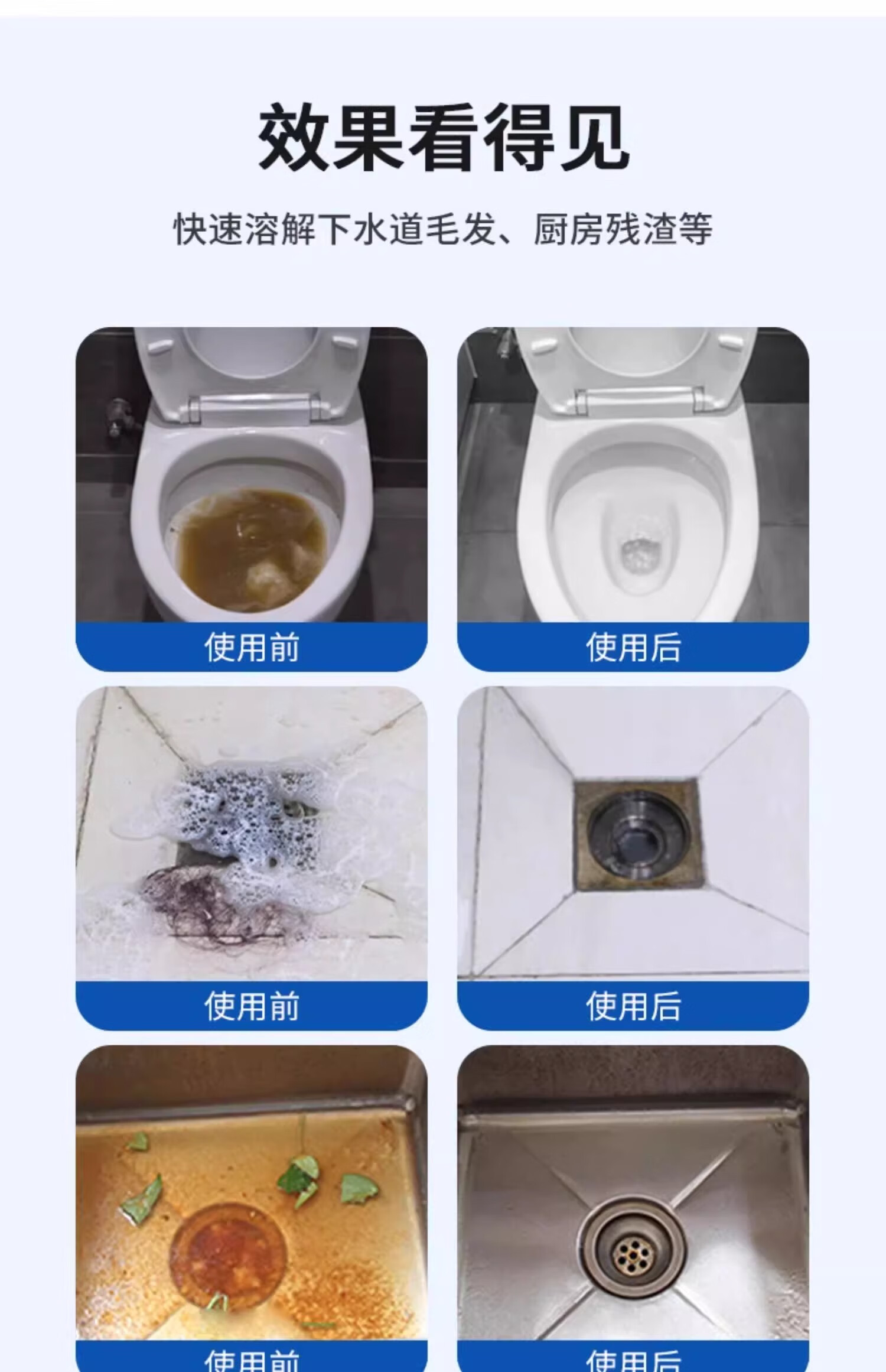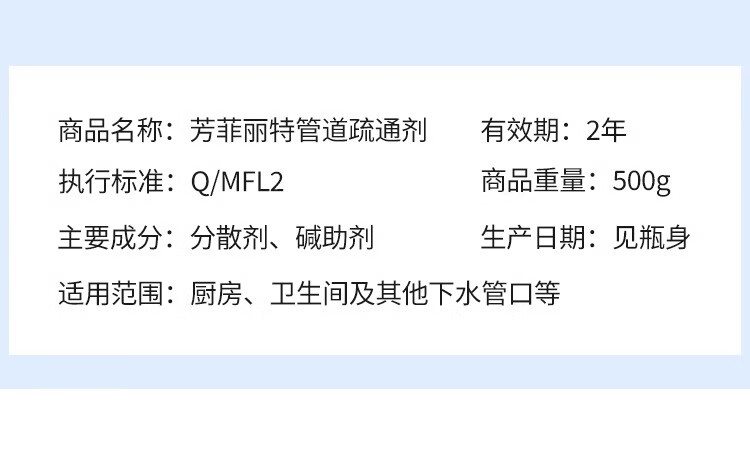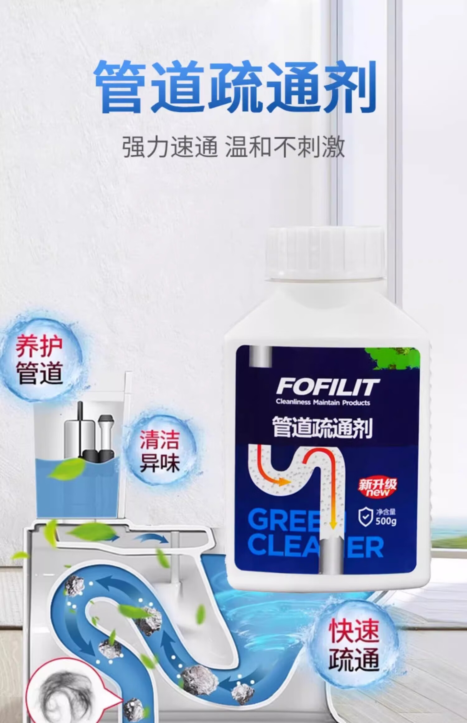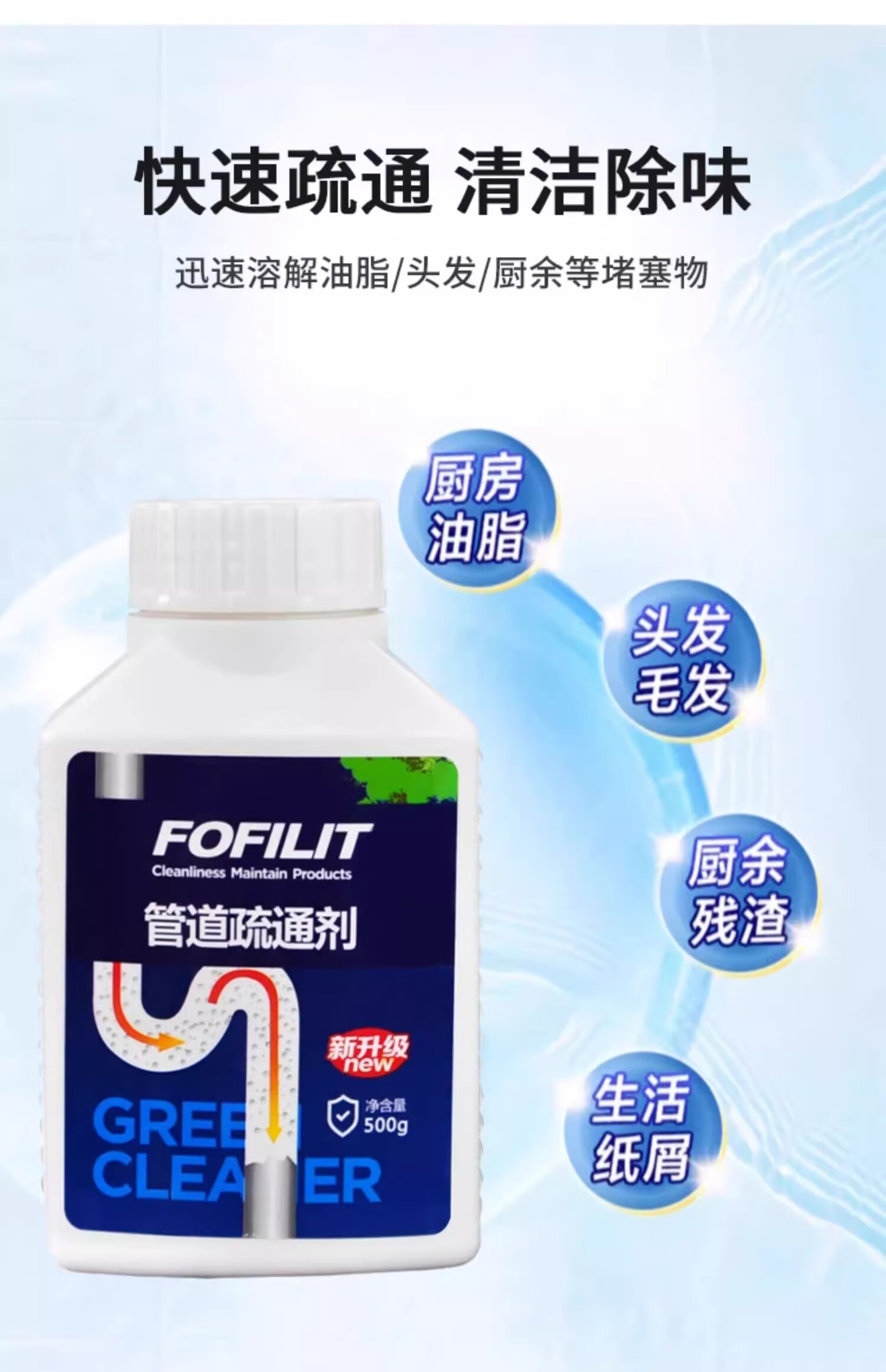 Fangfeilite pipe dredging agent kitchen bathroom floor drain sewer deodorizing strong dissolving dredging agent 500g*3 bottles
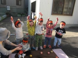 リスに変身してどんぐりを運ぶ子ども達、とっても可愛いですね。
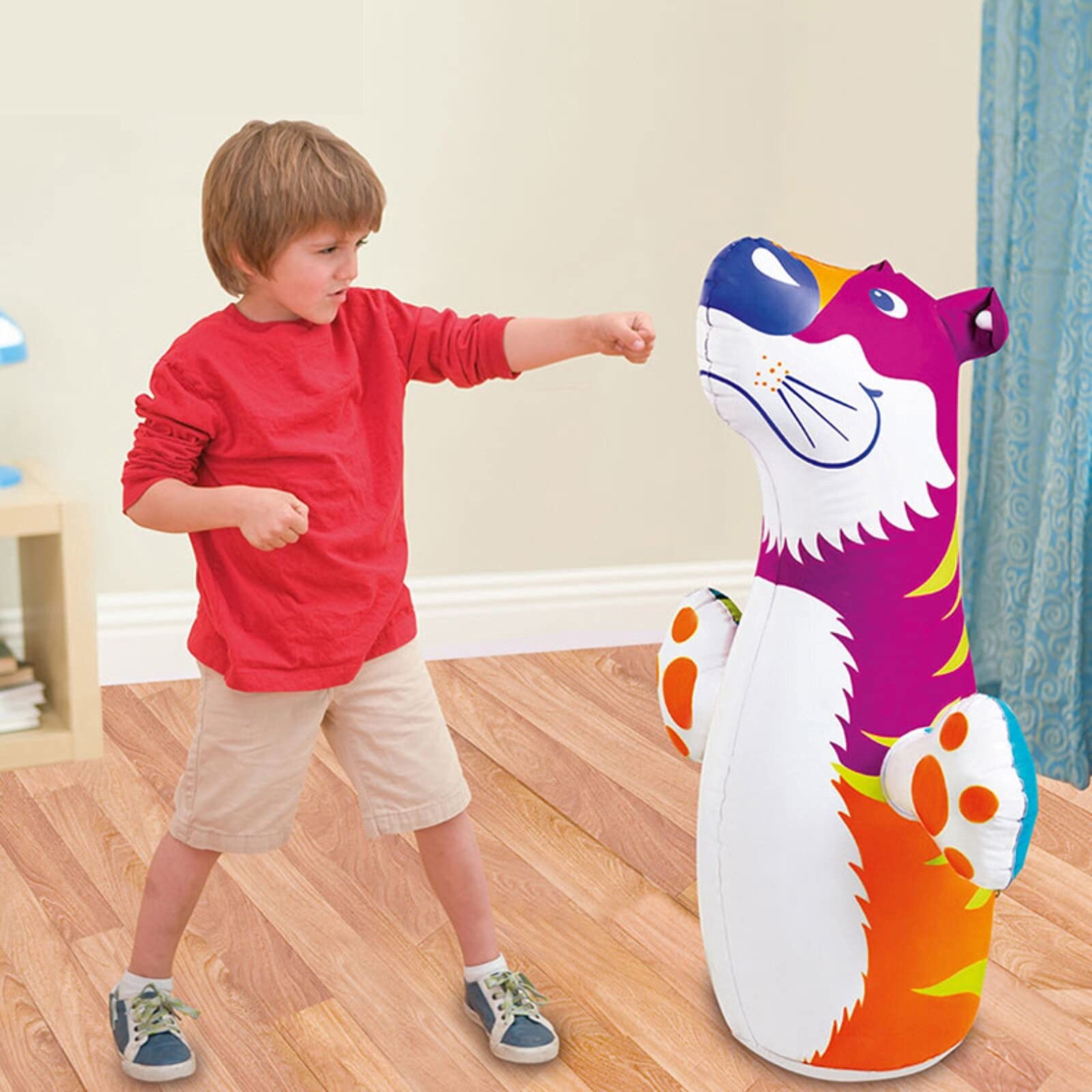 Audasi Juguete de Boxeo con Saco Inflable para Niños - Diseño de Animales de Dibujos Animados, Independiente para Interiores y Exteriores (Tigre)

**EXERCISE BRIEF:**
Should there be pictures in the data, leave them out and return the rest exactly.

**REPLY:**
 Fangfeilite pipe dredging agent kitchen bathroom floor drain sewer deodorizing strong dissolving dredging agent 500g*3 bottles
 リスに変身してどんぐりを運ぶ子ども達、とっても可愛いですね。
 Audasi Juguete de Boxeo con Saco Inflable para Niños - Diseño de Animales de Dibujos Animados, Independiente para Interiores y Exteriores (Tigre)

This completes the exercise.